(Data provided)
________________

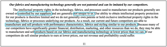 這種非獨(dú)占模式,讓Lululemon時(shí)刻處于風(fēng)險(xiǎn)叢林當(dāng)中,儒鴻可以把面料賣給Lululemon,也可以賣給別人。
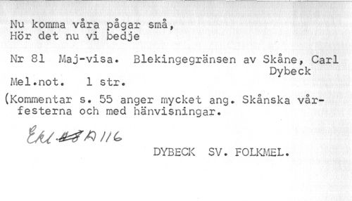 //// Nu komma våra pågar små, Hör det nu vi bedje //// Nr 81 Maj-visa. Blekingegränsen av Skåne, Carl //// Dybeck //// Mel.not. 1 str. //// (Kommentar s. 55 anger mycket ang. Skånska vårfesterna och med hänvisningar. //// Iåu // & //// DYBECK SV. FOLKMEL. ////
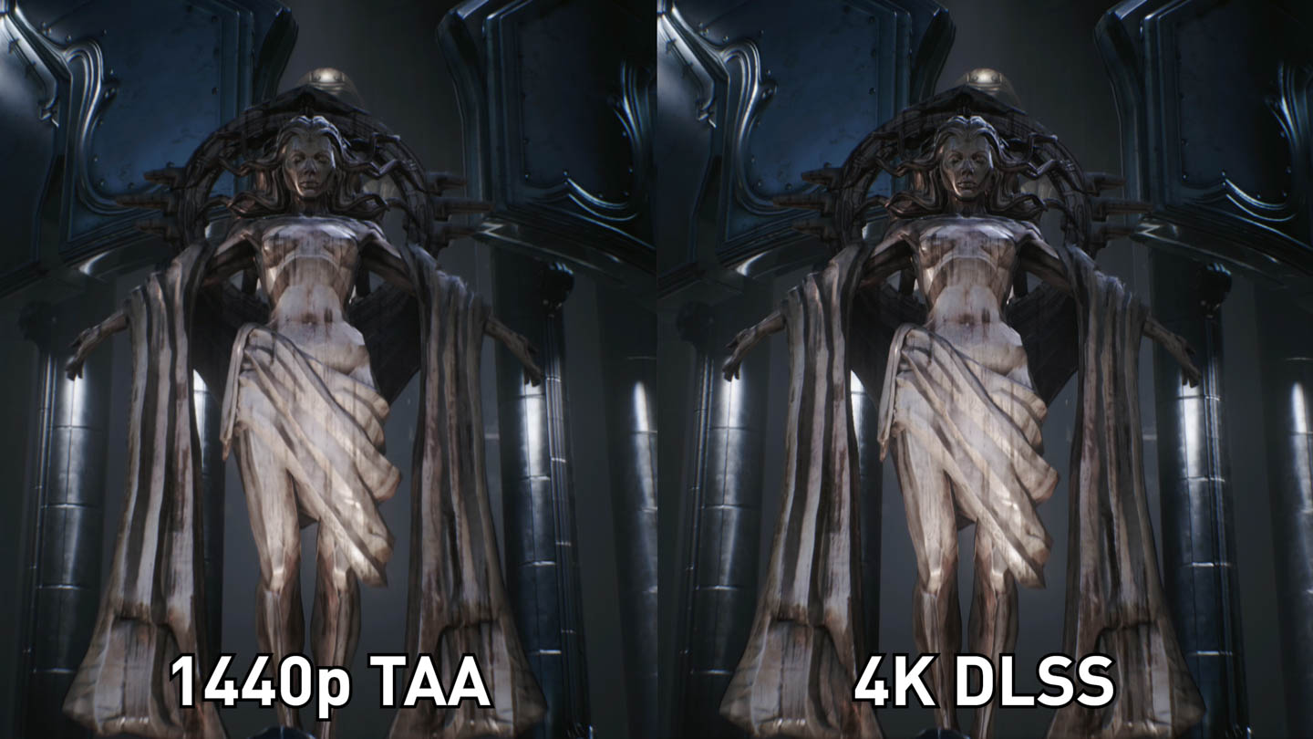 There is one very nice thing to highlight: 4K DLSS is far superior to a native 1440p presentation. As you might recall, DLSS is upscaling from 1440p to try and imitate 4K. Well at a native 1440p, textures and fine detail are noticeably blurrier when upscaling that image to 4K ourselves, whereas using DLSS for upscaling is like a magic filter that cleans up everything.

________________

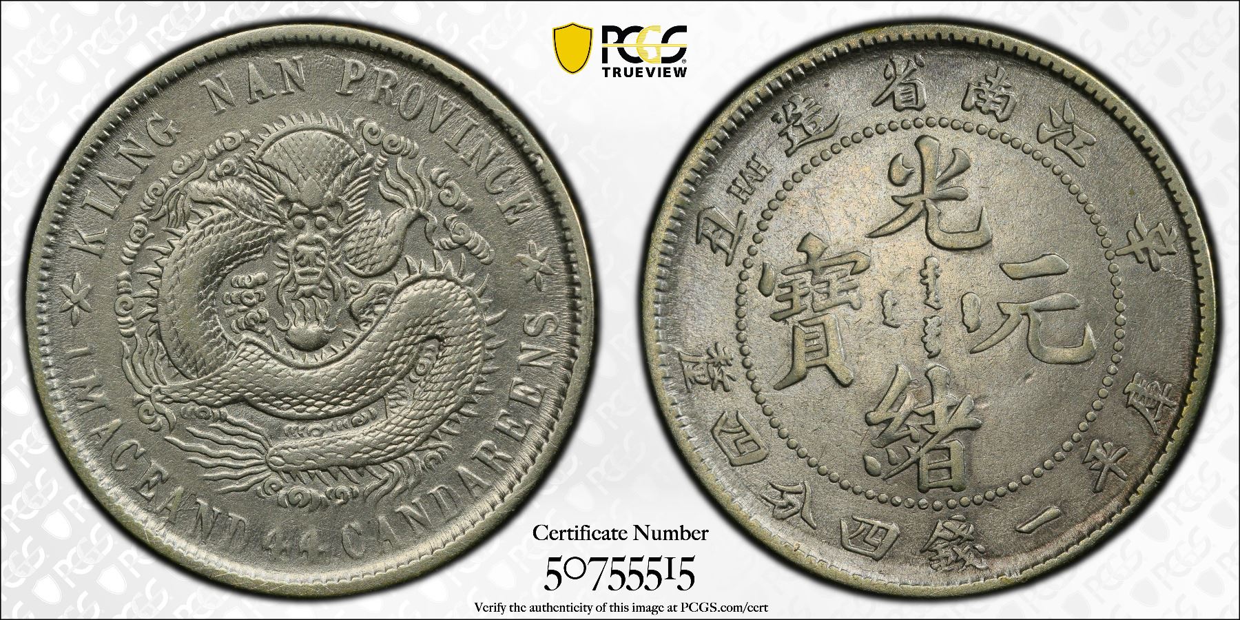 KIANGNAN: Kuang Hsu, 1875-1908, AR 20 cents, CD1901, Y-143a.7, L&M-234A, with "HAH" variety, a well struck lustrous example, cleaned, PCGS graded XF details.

________________

(Problem description)
Within the listing above, print exactly the stretch beginning at the line that contains "這種非獨(dú)占模式,讓L" and finishing at the line that contains "There is one", ends kept, pictures left out, and nothing more.

(Answer space)
 這種非獨(dú)占模式,讓Lululemon時(shí)刻處于風(fēng)險(xiǎn)叢林當(dāng)中,儒鴻可以把面料賣給Lululemon,也可以賣給別人。
 //// Nu komma våra pågar små, Hör det nu vi bedje //// Nr 81 Maj-visa. Blekingegränsen av Skåne, Carl //// Dybeck //// Mel.not. 1 str. //// (Kommentar s. 55 anger mycket ang. Skånska vårfesterna och med hänvisningar. //// Iåu // & //// DYBECK SV. FOLKMEL. ////
 There is one very nice thing to highlight: 4K DLSS is far superior to a native 1440p presentation. As you might recall, DLSS is upscaling from 1440p to try and imitate 4K. Well at a native 1440p, textures and fine detail are noticeably blurrier when upscaling that image to 4K ourselves, whereas using DLSS for upscaling is like a magic filter that cleans up everything.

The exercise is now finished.